If desired and configured by the system administrator, a significant reduction of the kernel-space attack surface, avoiding risk of vulnerabilities in rarely-used kernel-mode code: a sample desktop Fedora system currently has 79 modules loaded, out of 1964 available modules (4%). When counting code size, and the main kernel file (/boot/vmlinuz*) is included, the sample desktop system runs 8.36 MB of kernel-space code, out of 34.66 MB available (24%).

You may refer to the Modprobe Whitelist feature page on the Fedora wiki for a more complete description of this feature.


User Account Dialog

A new User Account Dialog is redesigned and implemented to create new users and edit user-related information in single-user systems or small deployments.

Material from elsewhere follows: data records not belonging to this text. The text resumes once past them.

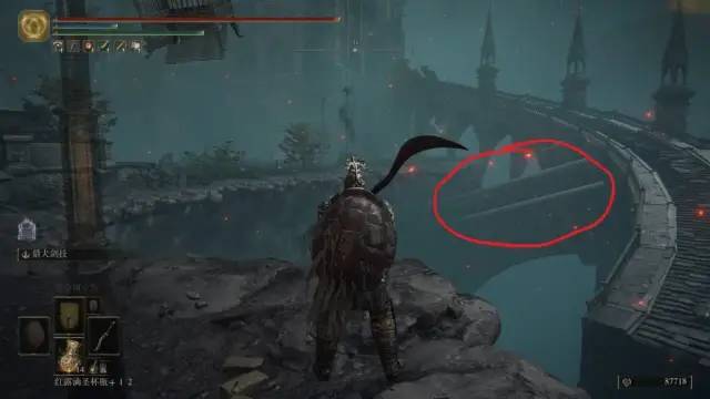 從紅狼賜福點左門出,踩石柱沿著石橋就能來到boss門前的電梯。路上會遇到會卡利亞大劍和彈反處決的npc入侵。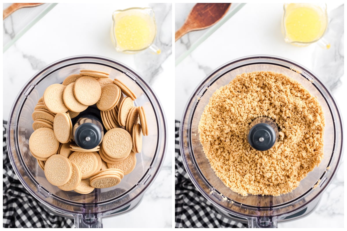 - Frullare i biscotti Oreo fino a quando non assomigliano a una mollica fine.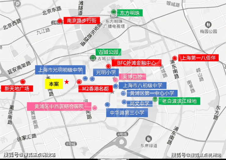 本案地处上海核心风貌区板块第二象限, 约1km范围内有豫园、文庙、新天地等城市坐标 ,融汇东西文化,是上海最早集商贸、金融、文化于一体的政治、经济、文化中心。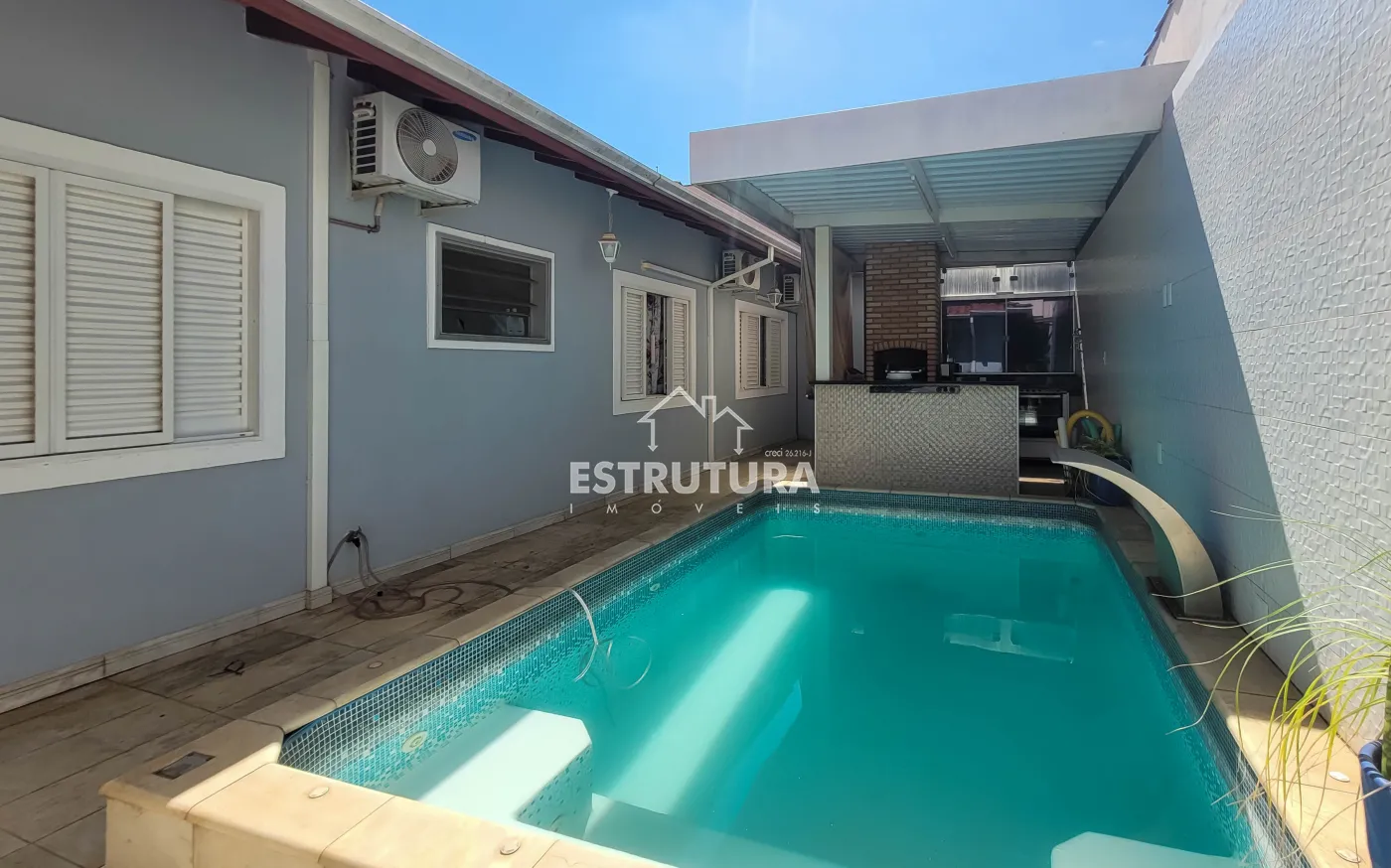 Aos fundos, área gourmet com planejados, churrasqueira e piscina, 01 banheiro, lavanderia espaçosa e um quintal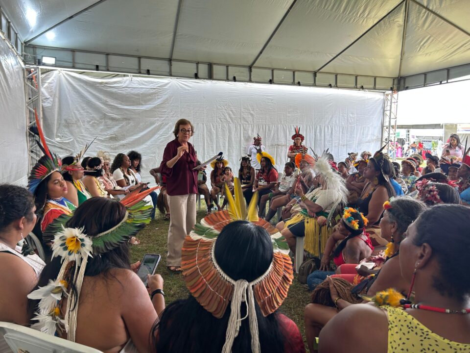 Durante o acampamento, a secretária estadual das Mulheres, Neusa Cadore, participou da Plenária de Políticas Públicas Voltadas às Mulheres, que reuniu lideranças femininas indígenas e representantes do governo estadual para discutir propostas de proteção, empoderamento e liderança feminina indígena.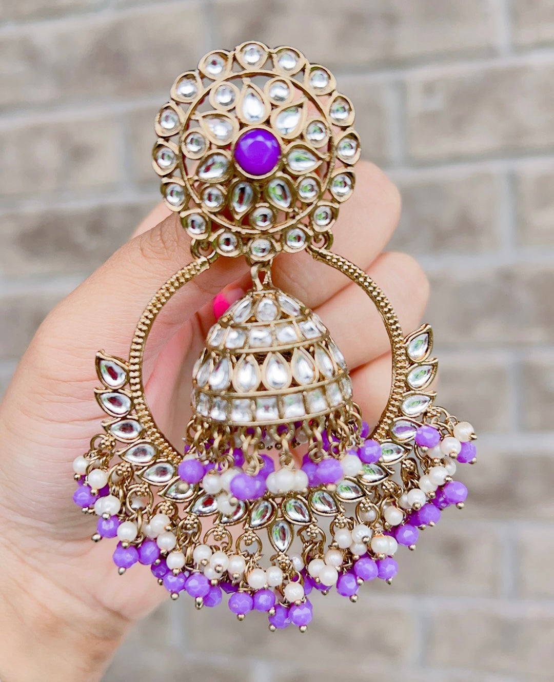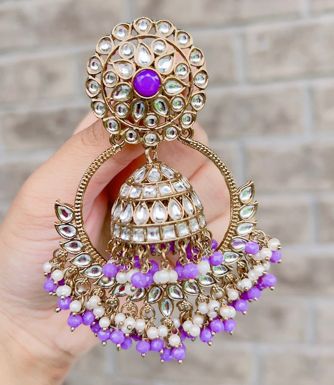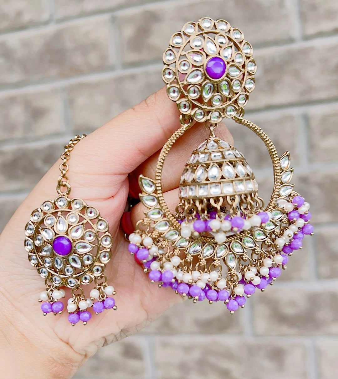 Beautiful combination of studs and jhumkis put together. Full set includes: earrings and tikka.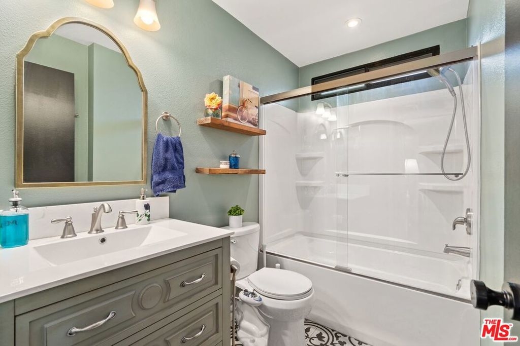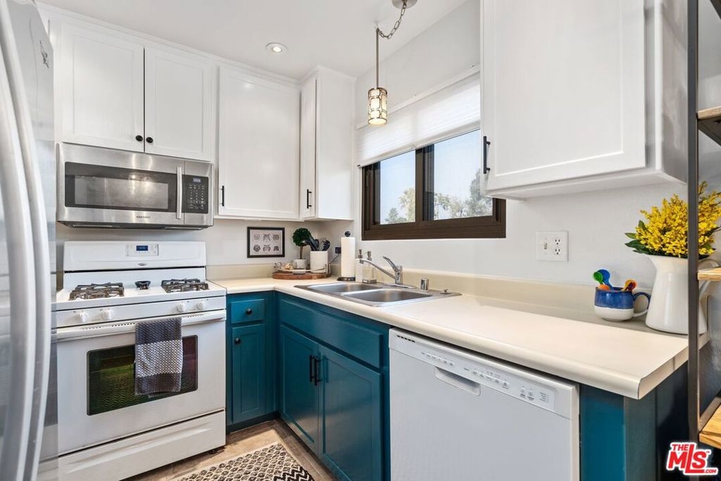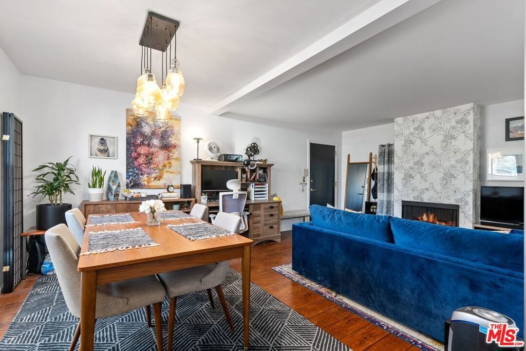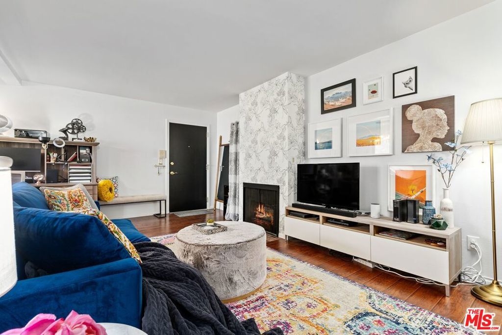 Amazing Opportunity in Burbank, Close to studios, you will find this beautiful one bedroom, 1 bath condo with gorgeous fixtures and upgrades, plus two side-by-side parking and laundry in unit! This space has a layout which feels nice and roomy, offering a spacious bedroom with a large sliding door out to your own private balcony, laminate wood floors and triple paned windows throughout, a beautiful fireplace with decorative wall and a dining area with a big window bringing in natural light. The kitchen has recessed lighting and two-toned cabinets; the lower half with cool, jewel tones. The remodeled bathroom has stunning, black and white tiled flooring and a new vanity, with a laundry area located just off the hallway. Outside of the unit, the building has a center courtyard with sitting area. Includes assigned 2 side-by-side parking in a subterranean garage. Smaller building with just 15 condos. Pets are allowed; 75 lbs and under. Low HOA Dues of only $293.00 per month which include water, sewer, waste and gardener for common areas. Located in a great area of Burbank, close to cool restaurants, shopping and studios!

This new dialog supersedes functionality that was previously available in a variety of tools, such as system-config-user, gnome-about-me, gdmsetup and polkit-gnome-authorization, and makes it available in one place.

User Account Dialog on the Fedora wiki includes more details.


Policy Kit One

Policy Kit One replaces the old deprecated Policy Kit and allows the KDE users to have a better experience of their applications and desktop in general. In Fedora 12 KDE Desktop Edition uses Gnome Authentication Agent, with Policy Kit One now is possible to utilize the native KDE authentication agent, KAuth.

For a complete description of this feature, refer to KDE PolicyKit One Qt on the Fedora wiki.